Created By : Jatin Gogia
Reviewed By : Rajasekhar Valipishetty
Last Updated : Apr 06, 2023
HCF Calculator using the Euclid Division Algorithm helps you to find the Highest common factor (HCF) easily for 675, 504, 428 i.e. 1 the largest integer that leaves a remainder zero for all numbers.
HCF of 675, 504, 428 is 1 the largest number which exactly divides all the numbers i.e. where the remainder is zero. Let us get into the working of this example.
Consider we have numbers 675, 504, 428 and we need to find the HCF of these numbers. To do so, we need to choose the largest integer first and then as per Euclid's Division Lemma a = bq + r where 0 ≤ r ≤ b
Highest common factor (HCF) of 675, 504, 428 is 1.
HCF(675, 504, 428) = 1
Highest common factor or Highest common divisor (hcd) can be calculated by Euclid's algotithm.
Highest common factor (HCF) of 675, 504, 428 is 1.
Step 1: Since 675 > 504, we apply the division lemma to 675 and 504, to get
675 = 504 x 1 + 171
Step 2: Since the reminder 504 ≠ 0, we apply division lemma to 171 and 504, to get
504 = 171 x 2 + 162
Step 3: We consider the new divisor 171 and the new remainder 162, and apply the division lemma to get
171 = 162 x 1 + 9
We consider the new divisor 162 and the new remainder 9, and apply the division lemma to get
162 = 9 x 18 + 0
The remainder has now become zero, so our procedure stops. Since the divisor at this stage is 9, the HCF of 675 and 504 is 9
Notice that 9 = HCF(162,9) = HCF(171,162) = HCF(504,171) = HCF(675,504) .
We can take hcf of as 1st numbers and next number as another number to apply in Euclidean lemma
Step 1: Since 428 > 9, we apply the division lemma to 428 and 9, to get
428 = 9 x 47 + 5
Step 2: Since the reminder 9 ≠ 0, we apply division lemma to 5 and 9, to get
9 = 5 x 1 + 4
Step 3: We consider the new divisor 5 and the new remainder 4, and apply the division lemma to get
5 = 4 x 1 + 1
We consider the new divisor 4 and the new remainder 1, and apply the division lemma to get
4 = 1 x 4 + 0
The remainder has now become zero, so our procedure stops. Since the divisor at this stage is 1, the HCF of 9 and 428 is 1
Notice that 1 = HCF(4,1) = HCF(5,4) = HCF(9,5) = HCF(428,9) .

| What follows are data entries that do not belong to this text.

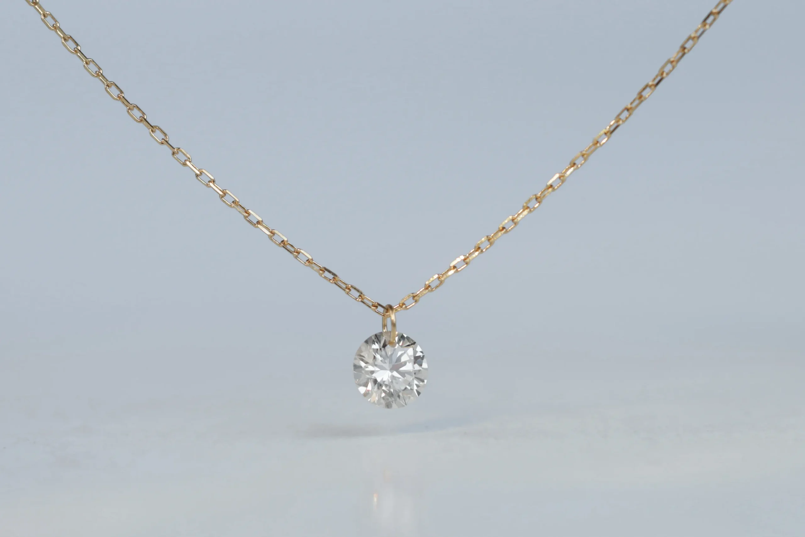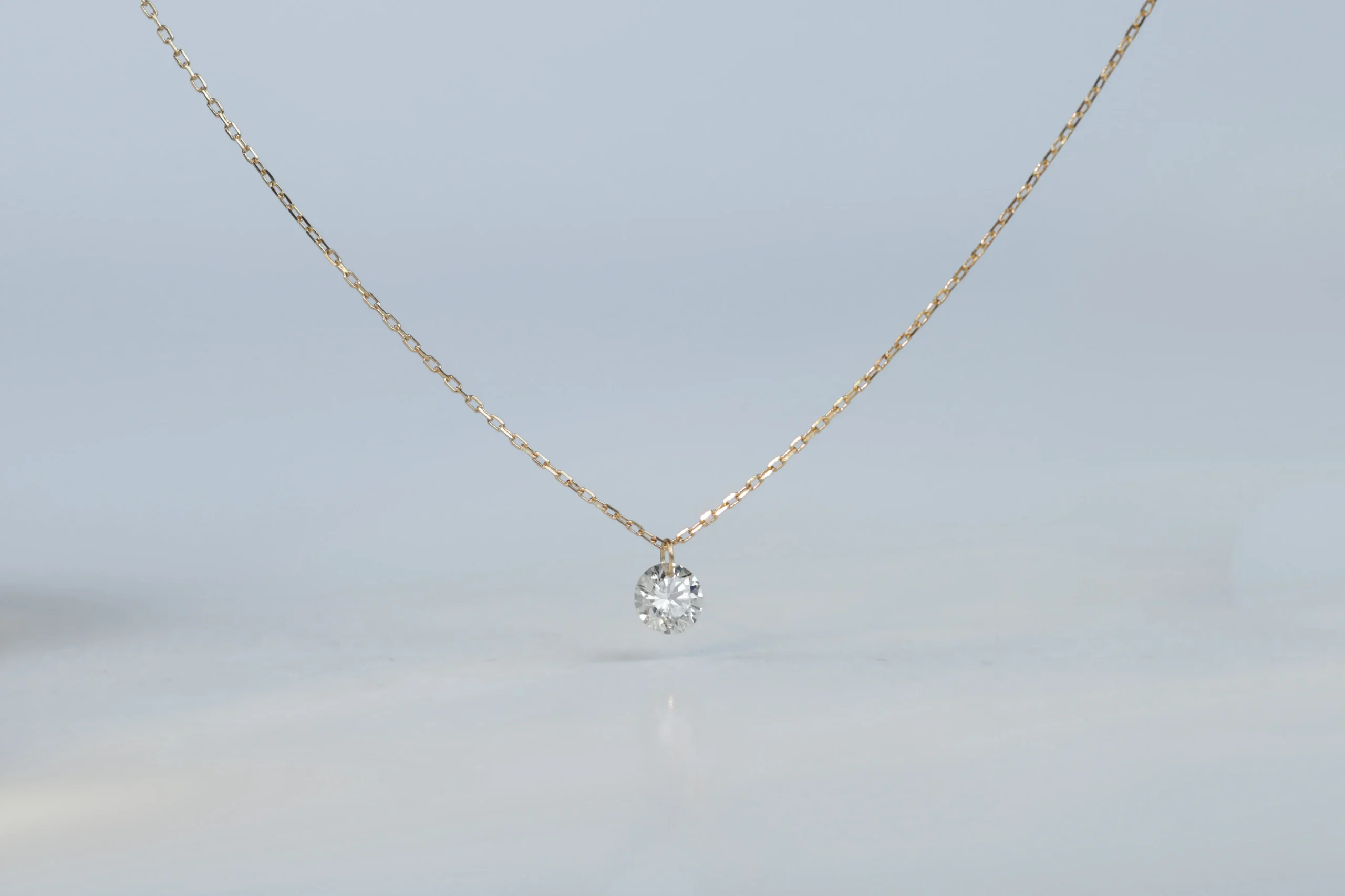 Колье из золота с 1 бриллиантом в огранке «круглая» весом 0,23 карата, цвет 3, чистота 5.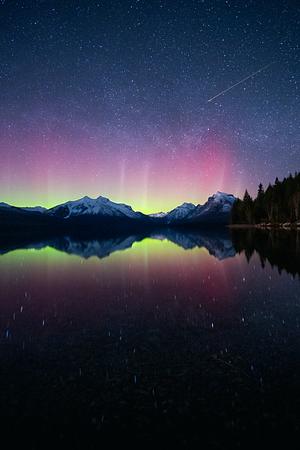 Aurora & Shooting Star | Glacier National Park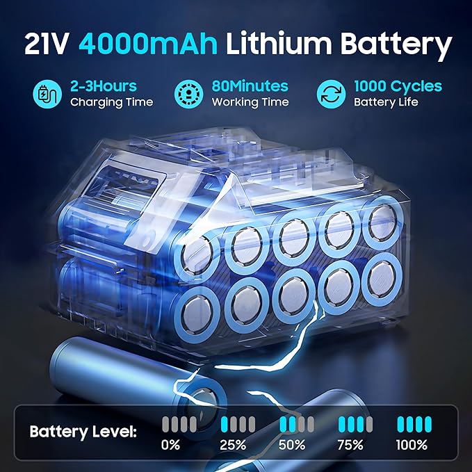 - Dual-Battery System for Extended Runtime Included are 2x 21V 4000mAh rechargeable batteries, providing 30 minutes per battery of continuous use. The fast charger quickly replenishes power, minimizing downtime so you can finish large-scale cleaning tasks without interruptions—ideal for maintaining a spotless yard or workspace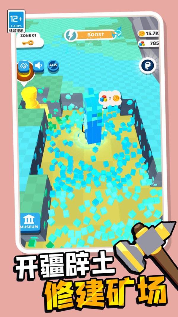 矿工模拟的休闲游戏,借助手中工具创造出更多的财富,在一个全新的世界里体验乐趣。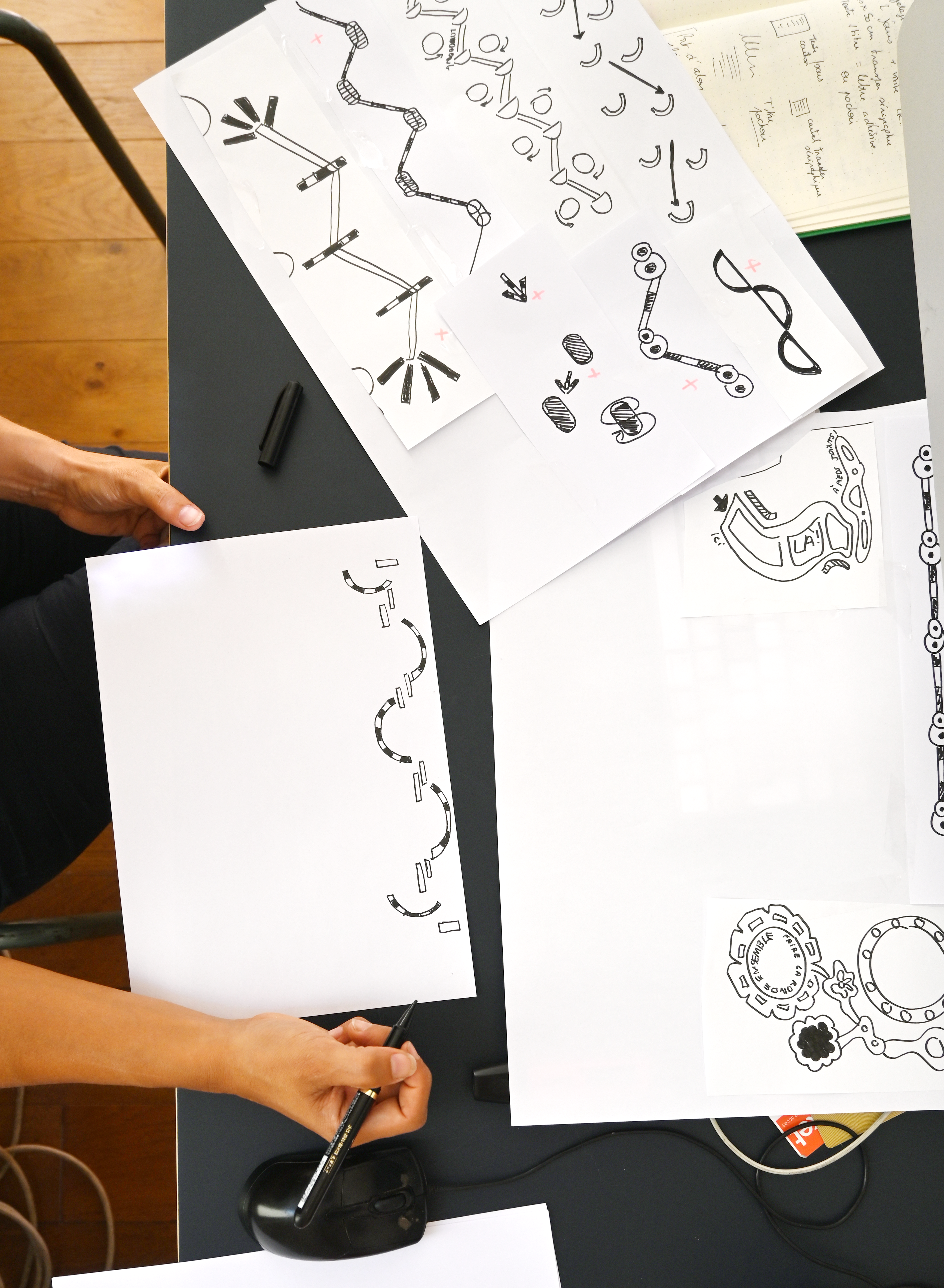 Lors de ces ateliers, les commanditaires manipulent différents objets et vocabulaires graphiques. Le but est de définir ensemble un univers visuel de référence, qui traduise une intention graphique claire.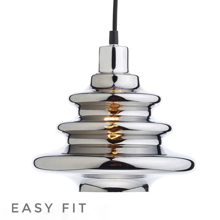Shown with an polished chrome suspension kit & lampholder (sold separately). Easy fit for an E27 lamp holder and supplied with a reducer ring for E14/B22 compatibility.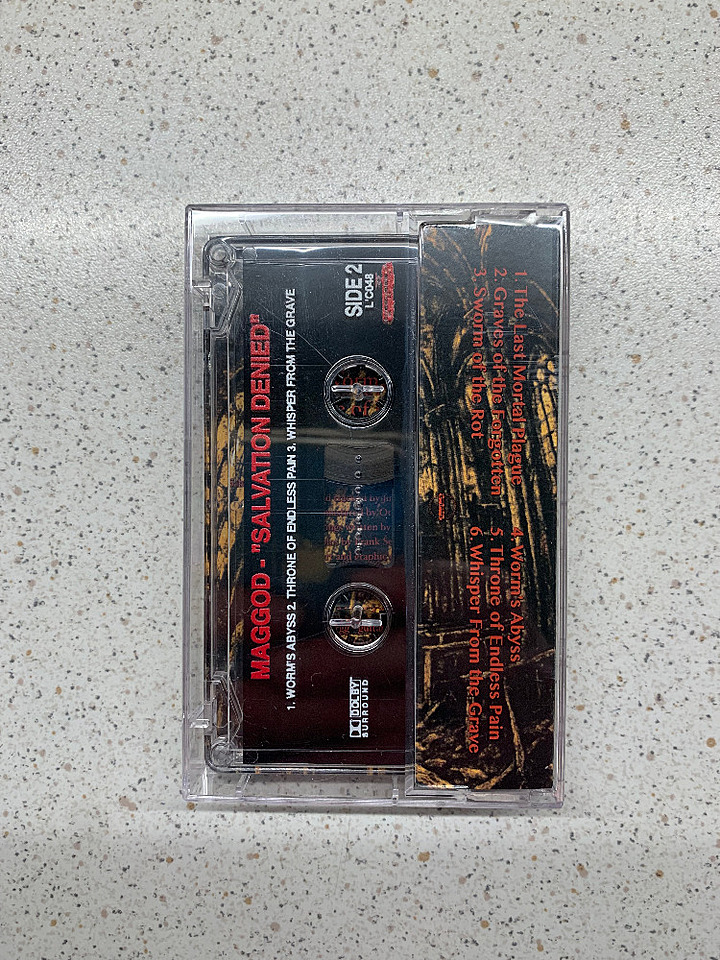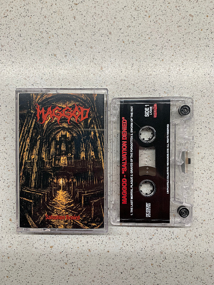 Na podzim roku 1992 zadržela policie během razie na letenské burze několik prodejců, které obvinila z přeprodávání zboží, pocházející z trestné činnosti. Nejmenovaný vysoký policejní důstojník dnes přiznává, že během utajené akce "sýkorka" došlo k několika přehmatům a do policejního skladu na Harfě putovala tenkrát i neoznačená krabice, která zde díky chybné archivační dokumentaci zůstala zapomenuta několik desetiletí. Letos v lednu ji během stěhování náhodně objevil Bohouš Němec a po jejím násilném otevření zde nalezl 100 ks magnetofonových pásek deathmetalové kapely MAGGOD s debutovým album "Salvation Denied", tedy celý náklad, který měl původně vyjít už v říjnu roku 1992. Nyní, díky laskavé péči L'inphantile Collective, vychází album konečně po 34 letech a vy si ho můžete ode dneška koupit.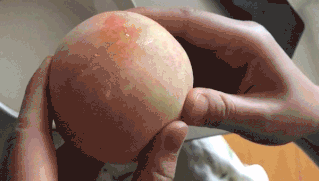 被揉捏过的桃子产生了丰富的桃汁,扎个眼就能喷水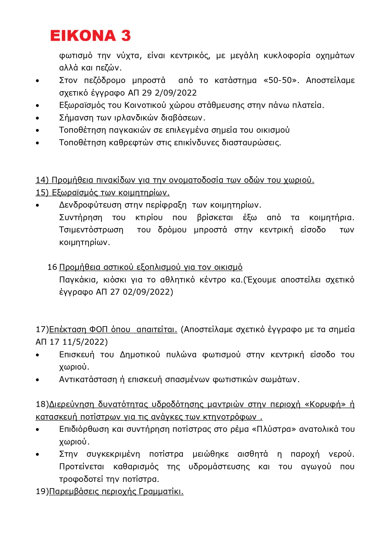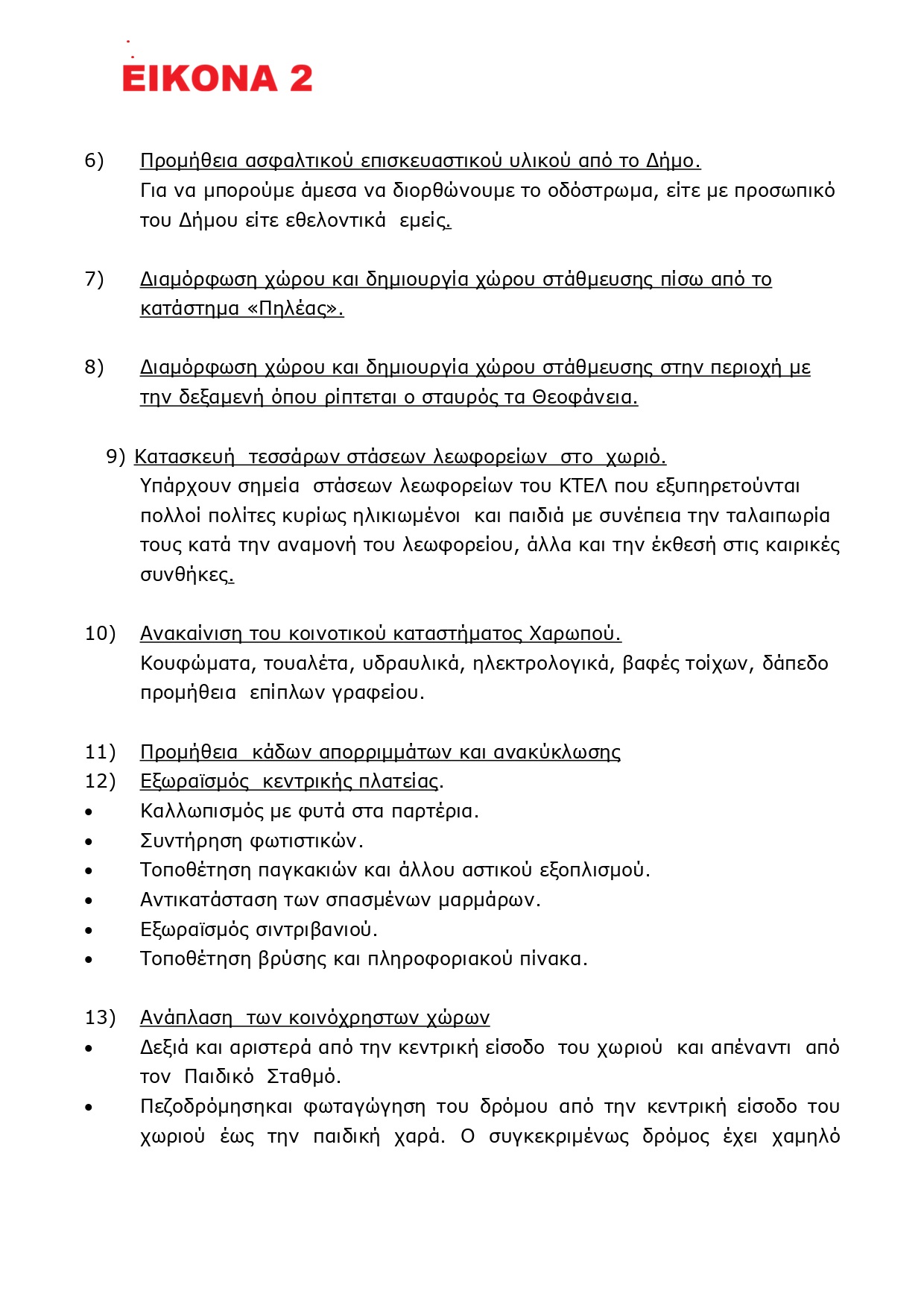 Κάθε χρόνο το Κοινοτικό Συμβούλιο καταθέτει προς τον Δήμο τις προτάσεις του, για τα έργα της Κοινότητας. Από την θητεία μου ως Πρόεδρος του Κοινοτικού Συμβουλίου μαζί με τα μέλη του, καταθέσαμε τις προτάσεις μας αφουγκραζόμενοι τις ανάγκες του χωριού, των κατοίκων άλλα και τις παλαιότερες αποφάσεις των Κοινοτικών Συμβουλίων.(φωτό 1,2,3,4)Βλέπετε η Κοινότητα έχει συνέχεια και πρέπει να λαμβάνονται πάντα υπόψη και προτάσεις παλαιότερων Συμβουλίων, αφού όλοι υπηρετούμε τα συμφέροντα της Κοινότητας.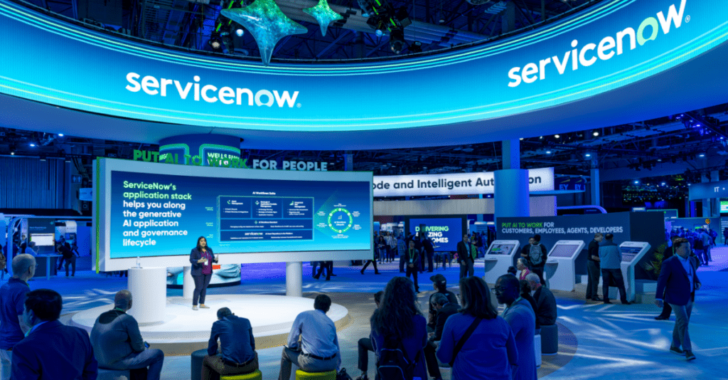 Collaborating with Freeman across logistics, production, and AV, with creative design led by Sparks, the team worked to create a more intuitive attendee journey. By reimagining the expo as a portal to information and excitement, the environment symbolized how ServiceNow is an easy-to-navigate, cohesive platform.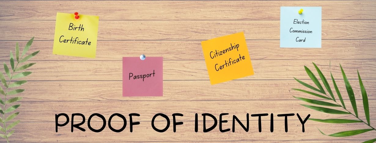 A Birth Certificate, Passport, or Citizenship Certificate can be presented as evidence of your identity. All the documents should be in English.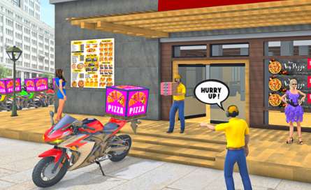 2、拿出你的moto比萨饼送货自行车并上班,订单准备好接收并送到等待披萨的顾客,注意障碍。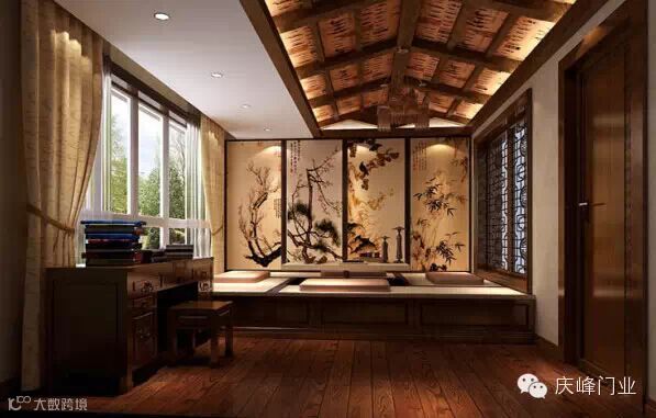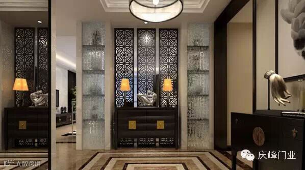 (2) 讲究空间的层次感,依据住宅使用人数和私密程度的不同,需要做出分隔的功能性空间,一般采用“哑口”或简约化的“博古架”来区分;在需要隔绝视线的地方,则使用中式的屏风或窗棂,通过这种新的分隔方式,单元式住宅就展现出中式家居的层次之美。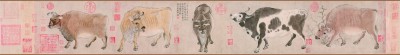中国古代有许多画牛的名作,如戴逵的《三牛图》、谢稚的《三牛图》、韩滉的《五牛图》、廓庵禅师的《十牛图》,而马贲、李唐、江参等名家也都绘制过《百牛图》等佳作。除此之外,韩滉的《公牛图》《乳牛图》《归牧图》等,戴嵩的《奔牛图》《戏牛图》《斗牛图》《白牛图》《水牛图》等,杨晋的《王石谷骑牛图》,以及多个版本的《老子骑牛图》(晁补之、张路、陈洪绶等绘制)也已成为传世佳作。其中,韩滉的《五牛图》影响力极为深远,几乎成为海内外广大欣赏者对“中国牛”鉴赏的范本。韩滉的《五牛图》被称为中国的十大传世名画,是少数留存下来的唐代画作之一。画面上的五头牛神态各异,性情亦似有别,能“曲尽其妙”。他画的牛笔墨稳健,姿态不同,生动有趣。左起一、二两头牛的神情形成了鲜明对照,让严肃与活泼两种神态在同一种动物身上得到了非常切合的诠释。处在中心位置的第三头牛继续沿用前两头的篆隶笔法,波浪纹理让处于正面视角的这头牛凸显了一种沉稳与谦和。黑白相间的第四头牛气宇轩昂,与第五头的悠闲相映成趣,这最右一头对颈部肌理的处理,在动感中又增添了几分闲适。整个画卷呈现出一派中正、祥和的氛围,也反映了农耕文明中人与自然的和谐美好。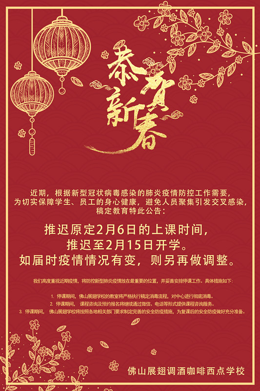 為避免春運返程引起大面積傳播、感染,各大技術(shù)院校紛紛推遲開學、開工。佛山展翅學院作為其中的一員,積極響應國家號召,切實保障學院每位學生與工作人員的身體安全,決定將開學時間延遲至2020年2月15日(年廿二)。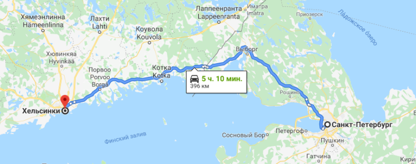 Санкт-Петербург — Хельсинки — маршрут на карте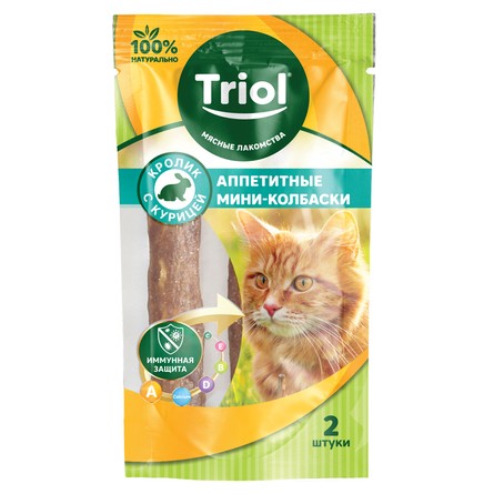 Лакомство для кошек «Аппетитные мини-колбаски из кролика с курицей», 7г (уп.2шт./шоу-бокс 60уп.), Triol

Here are some samples of HCF using Euclid's Algorithm calculations.
1. What is the Euclid division algorithm?
Answer: Euclid's Division Algorithm is a technique to compute the Highest Common Factor (HCF) of given positive integers.
2. what is the HCF of 675, 504, 428?
Answer: HCF of 675, 504, 428 is 1 the largest number that divides all the numbers leaving a remainder zero.
3. How to find HCF of 675, 504, 428 using Euclid's Algorithm?
Answer: For arbitrary numbers 675, 504, 428 apply Euclid’s Division Lemma in succession until you obtain a remainder zero. HCF is the remainder in the last but one step.